On proximity and privilege: I am skeptical about trying to prioritze these things. I think it likely that privilege enables us to put some others at a distance even as we become subjects in proximity to others. On unconsciousness: I'm an automaton and fully accept that the unconscious is always the unconscious of the other.
Posted by: Jodi | June 26, 2006 at 01:13 PM
Jodi, I agree with you that prioritizing proximity in some sort of ontological way (as I seemed to be doing) may not be especially useful at this point.
As regarding unconsciousness, what I had in mind in addressing pebird's question was more along the lines of Zizek/Lacan's "extimacy" as opposed to thinking of the other/Other as having a literal being external to us. I will also admit to still having a pretty shaky handle on these ideas.
Posted by: marcegoodman | June 26, 2006 at 02:56 PM
Yes--I thought you had extimacy in mind
Posted by: Jodi | June 26, 2006 at 03:00 PM
Virgil Johnson (see quote below):
Your comments sound very Freirian, and contain an optimism that is sometimes hard to accord with everyday encounters with the privileged. If they indeed can be jolted out of their dreamworld, their dreams are well-armored with reflections on what advocates of the underprivileged consider real. That is, I'm sure that the more sophisticated of the privileged do discuss Freire and others' theses on their 'dream world', and I would like to be a fly on the wall when they do.
Virgil Johnson's original quote:
"Not until they are jolted (however that might be accomplished) out of their dream world, will anything ever take place. This is what history teaches us over and over again - but it also teaches us that at that point it might be too late to salvage any of those good things from their world of privilege.

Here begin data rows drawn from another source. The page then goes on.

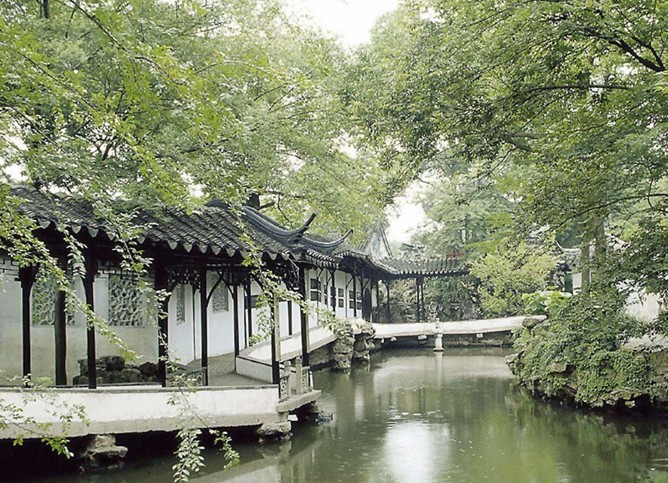 這種園中園式的庭院空間的出現和變化,究其原因除了使用方面的理由外,恐怕與園林面積縮小有關。光緒年間的拙政園,僅剩下了1.2公頃園地。與蘇州其他園林一樣,占地較小,因而造園活動首要解決的課題是在不大的空間范圍內,能夠營造出自然山水的無限風光。這種園中園、多空間的庭院組合以及空間的分割滲透”、對比襯托;空間的隱顯結合、虛實相間空間的蜿蜒曲折、藏露掩映;空間的欲放先收、欲揚先抑等等手法,其目的是要突破空間的局限,收到小中見大的效果,從而取得豐富的園林景觀。這種處理手法,在蘇州園林中帶有普遍意義,也是蘇州園林共同的特征。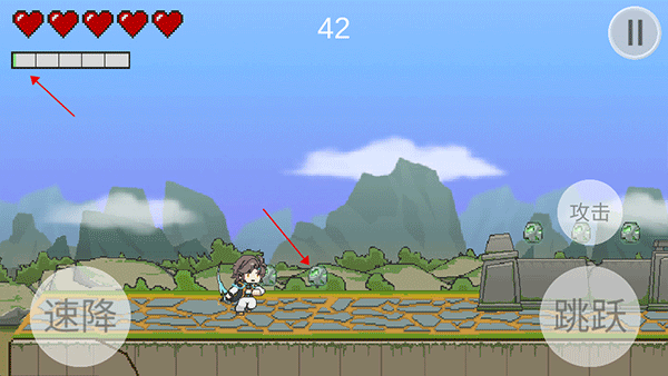 2、直接开始游戏,玩法类似于跑酷,左边的速降可以让你的速度慢下来,如果前方遇到陷阱的话可以点击跳跃,如果遇到小怪点击攻击即可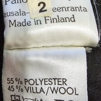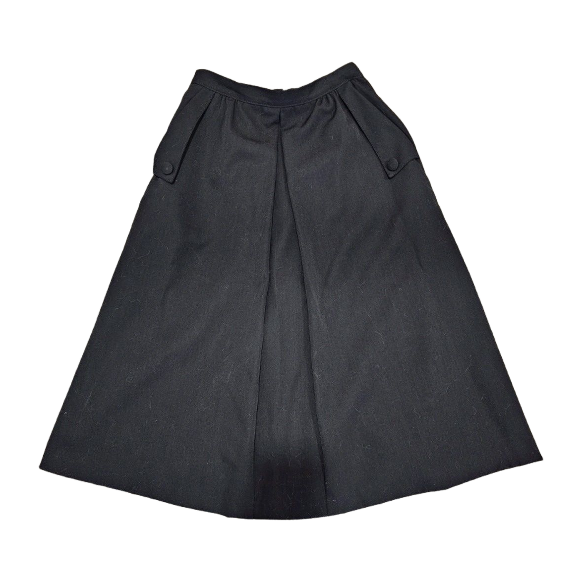 Villesekoitteinen musta vintage-hame, Suomalaisen Pallo-Paita oy:n tuotantoa. Erinomainen kunto. Selkäpuolella vetoketju ja nappi, vuoritettu, taskut.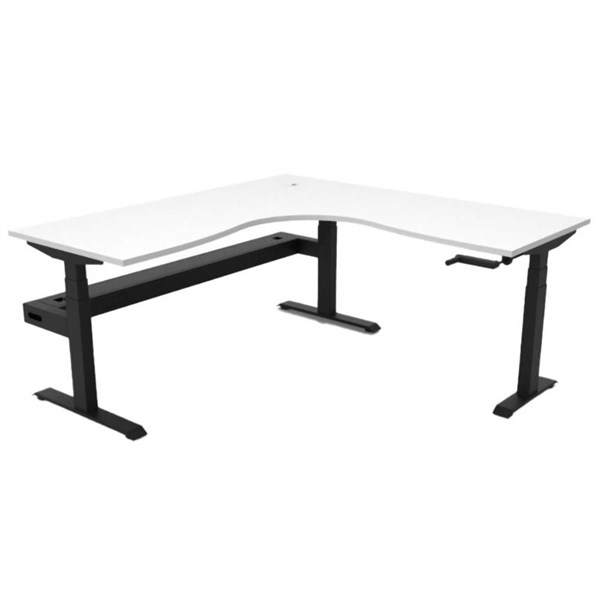 The Rapidline workstation is the newest and most affordable addition to the Boost+ range | The Boost Crank presents a manual height-adjustable workstation solution available in single sided, back to back and corner configurations | The manual crank mechanism allows for easy height adjustment, while the durable table top and sturdy underframe provide a stable and efficient workspace | Underframe finish in black satin or white satin powder coat | With fully ducted cable tray with punchout for power and data to be fitted to either external or internal of frame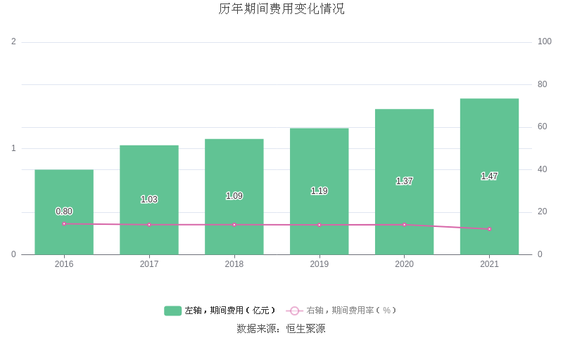2021年全年,益达娱乐期间费用为1.47亿元,较上年增加1018.95万元;但期间费用率为12.07%,较上年下降2.07个百分点。

Posted by: Arabica | June 28, 2006 at 06:56 AM
Arabica, that was very a perceptive observation.
Posted by: Virgil Johnson | June 28, 2006 at 10:09 PM
Hi Jodi,
I hadn't checked out your blog before, but you were on my friend Terri Senft's dissertation committee, and when I found it linked from Bad Subjects I couldn't resist.
However, I come over here, and I'm appalled to see you essentially saying in the first paragraph here that disabled people are universally "unattractive" and "annoying"? Is this actually what you are saying, or are you speaking in a parodic vein?
I'm very tempted to start ranting at you about ableism and not assuming that all of us are alike and theory about bodies, but I'll let you respond to this because I'm hoping that you'll say that you were being parodic.
kathy
(who has many disabilities, is generally thought not to be unattractive although can't vouch for her annoyingness, and is also annoyed by people, but mostly those who are willfully stupid)
Posted by: museumfreak | July 02, 2006 at 05:40 AM
Kathy,
Parodic is not the tone I was going for; rather, it was meant to be self-disparaging, a criticism aimed at myself (and anyone who would identify with this attitude) for finding other people annoying, for being so overly sensitive that most other people seem an imposition to an all too delicate sensibility that needs, actually, to be shocked out of its self regard and self-satisfaction.
I should add that I used the term 'disabled' in a very, very general sense, not having in mind specific bodily abilities.